▼

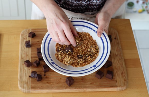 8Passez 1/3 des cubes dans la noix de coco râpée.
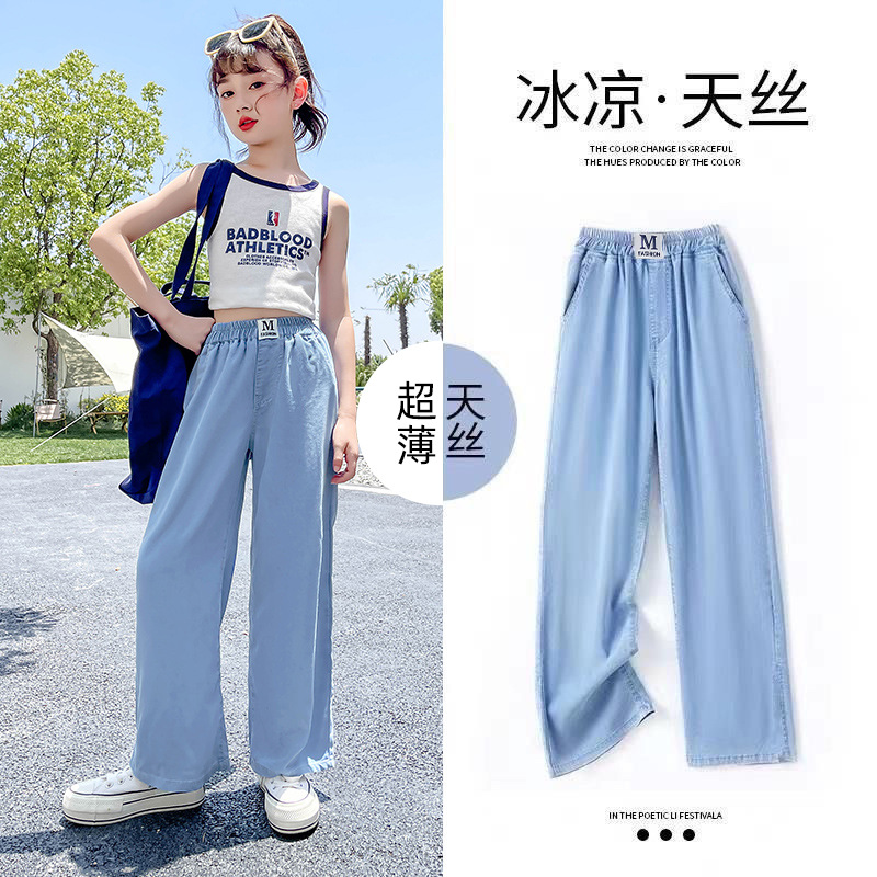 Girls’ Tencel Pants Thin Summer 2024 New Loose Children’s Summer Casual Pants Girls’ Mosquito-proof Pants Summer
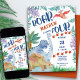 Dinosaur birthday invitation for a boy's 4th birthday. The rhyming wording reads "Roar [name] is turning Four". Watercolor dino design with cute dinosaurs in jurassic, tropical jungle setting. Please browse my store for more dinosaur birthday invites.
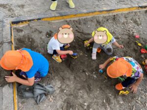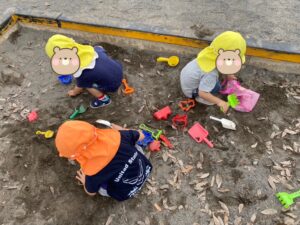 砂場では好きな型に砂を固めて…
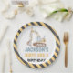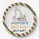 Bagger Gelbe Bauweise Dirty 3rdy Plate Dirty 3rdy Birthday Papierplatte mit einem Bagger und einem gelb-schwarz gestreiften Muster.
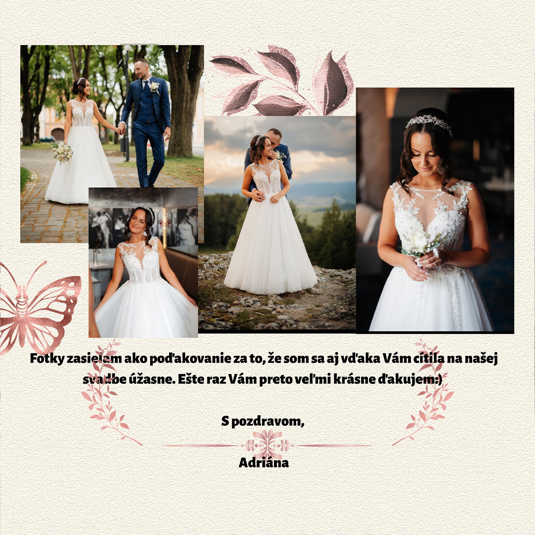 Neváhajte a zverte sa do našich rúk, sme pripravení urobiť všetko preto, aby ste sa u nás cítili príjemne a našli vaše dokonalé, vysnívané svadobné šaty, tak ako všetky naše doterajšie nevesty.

▲
▼

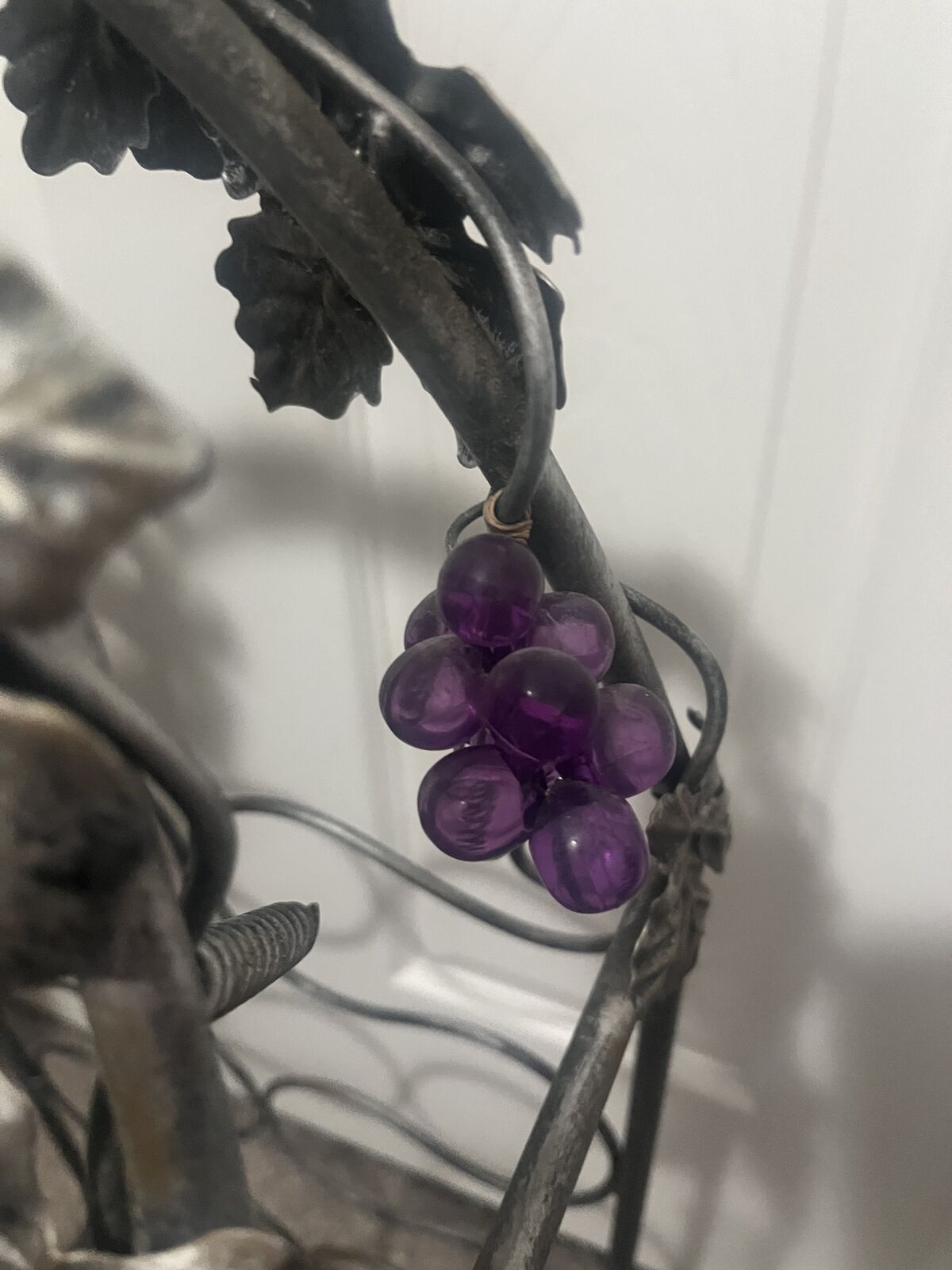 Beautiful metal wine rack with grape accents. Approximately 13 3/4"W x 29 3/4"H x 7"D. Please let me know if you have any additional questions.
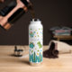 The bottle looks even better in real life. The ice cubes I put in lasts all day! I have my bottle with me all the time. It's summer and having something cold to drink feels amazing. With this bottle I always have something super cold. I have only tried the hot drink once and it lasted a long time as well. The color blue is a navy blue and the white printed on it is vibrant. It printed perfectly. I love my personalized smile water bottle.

▲

Task description → In the listing above, find the line with "8Passez 1/3 des" and the line with "Neváhajte a zverte". Copy exactly those two and every line between, without the pictures.

Answer below →
 8Passez 1/3 des cubes dans la noix de coco râpée.
 Girls’ Tencel Pants Thin Summer 2024 New Loose Children’s Summer Casual Pants Girls’ Mosquito-proof Pants Summer
 Dinosaur birthday invitation for a boy's 4th birthday. The rhyming wording reads "Roar [name] is turning Four". Watercolor dino design with cute dinosaurs in jurassic, tropical jungle setting. Please browse my store for more dinosaur birthday invites.
 砂場では好きな型に砂を固めて…
 Bagger Gelbe Bauweise Dirty 3rdy Plate Dirty 3rdy Birthday Papierplatte mit einem Bagger und einem gelb-schwarz gestreiften Muster.
 Neváhajte a zverte sa do našich rúk, sme pripravení urobiť všetko preto, aby ste sa u nás cítili príjemne a našli vaše dokonalé, vysnívané svadobné šaty, tak ako všetky naše doterajšie nevesty.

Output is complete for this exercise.